◆ **Provided entries**

------------------------------------------------------------------------

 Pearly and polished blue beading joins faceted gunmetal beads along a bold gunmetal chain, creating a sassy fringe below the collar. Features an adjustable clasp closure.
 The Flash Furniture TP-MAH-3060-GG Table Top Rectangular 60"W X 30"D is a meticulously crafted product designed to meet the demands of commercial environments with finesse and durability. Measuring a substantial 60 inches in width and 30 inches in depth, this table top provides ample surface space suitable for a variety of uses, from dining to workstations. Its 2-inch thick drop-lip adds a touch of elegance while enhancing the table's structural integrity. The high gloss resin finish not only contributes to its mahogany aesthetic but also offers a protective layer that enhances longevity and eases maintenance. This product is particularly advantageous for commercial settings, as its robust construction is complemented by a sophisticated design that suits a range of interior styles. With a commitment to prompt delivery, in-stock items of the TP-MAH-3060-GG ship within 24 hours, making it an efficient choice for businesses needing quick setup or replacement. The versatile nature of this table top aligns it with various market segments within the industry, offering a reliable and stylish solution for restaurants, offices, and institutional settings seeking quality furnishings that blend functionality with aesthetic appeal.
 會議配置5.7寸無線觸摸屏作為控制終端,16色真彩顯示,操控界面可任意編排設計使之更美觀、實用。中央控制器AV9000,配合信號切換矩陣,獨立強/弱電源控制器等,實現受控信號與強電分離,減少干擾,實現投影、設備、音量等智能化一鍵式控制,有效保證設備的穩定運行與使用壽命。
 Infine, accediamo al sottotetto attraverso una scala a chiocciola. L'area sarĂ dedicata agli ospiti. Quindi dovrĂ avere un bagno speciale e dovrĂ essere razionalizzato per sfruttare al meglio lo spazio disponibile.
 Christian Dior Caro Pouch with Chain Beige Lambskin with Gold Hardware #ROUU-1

------------------------------------------------------------------------

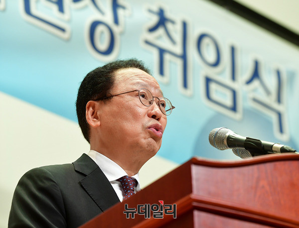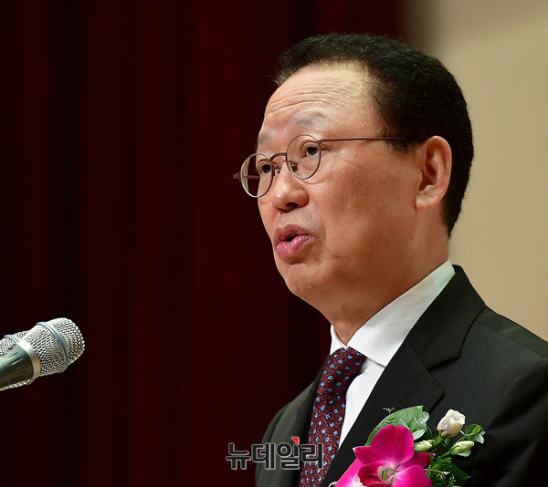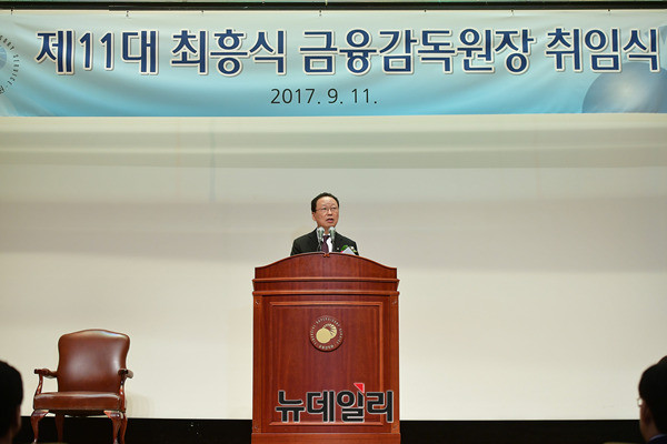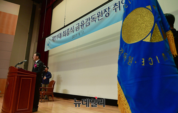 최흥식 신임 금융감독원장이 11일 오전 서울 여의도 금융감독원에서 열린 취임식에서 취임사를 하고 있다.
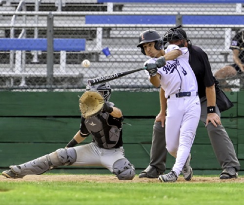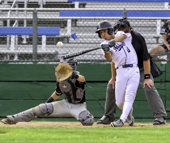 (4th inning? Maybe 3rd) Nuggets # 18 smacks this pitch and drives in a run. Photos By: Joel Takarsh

------------------------------------------------------------------------

From the records above, return each line that includes "with".

 The Flash Furniture TP-MAH-3060-GG Table Top Rectangular 60"W X 30"D is a meticulously crafted product designed to meet the demands of commercial environments with finesse and durability. Measuring a substantial 60 inches in width and 30 inches in depth, this table top provides ample surface space suitable for a variety of uses, from dining to workstations. Its 2-inch thick drop-lip adds a touch of elegance while enhancing the table's structural integrity. The high gloss resin finish not only contributes to its mahogany aesthetic but also offers a protective layer that enhances longevity and eases maintenance. This product is particularly advantageous for commercial settings, as its robust construction is complemented by a sophisticated design that suits a range of interior styles. With a commitment to prompt delivery, in-stock items of the TP-MAH-3060-GG ship within 24 hours, making it an efficient choice for businesses needing quick setup or replacement. The versatile nature of this table top aligns it with various market segments within the industry, offering a reliable and stylish solution for restaurants, offices, and institutional settings seeking quality furnishings that blend functionality with aesthetic appeal.
 Christian Dior Caro Pouch with Chain Beige Lambskin with Gold Hardware #ROUU-1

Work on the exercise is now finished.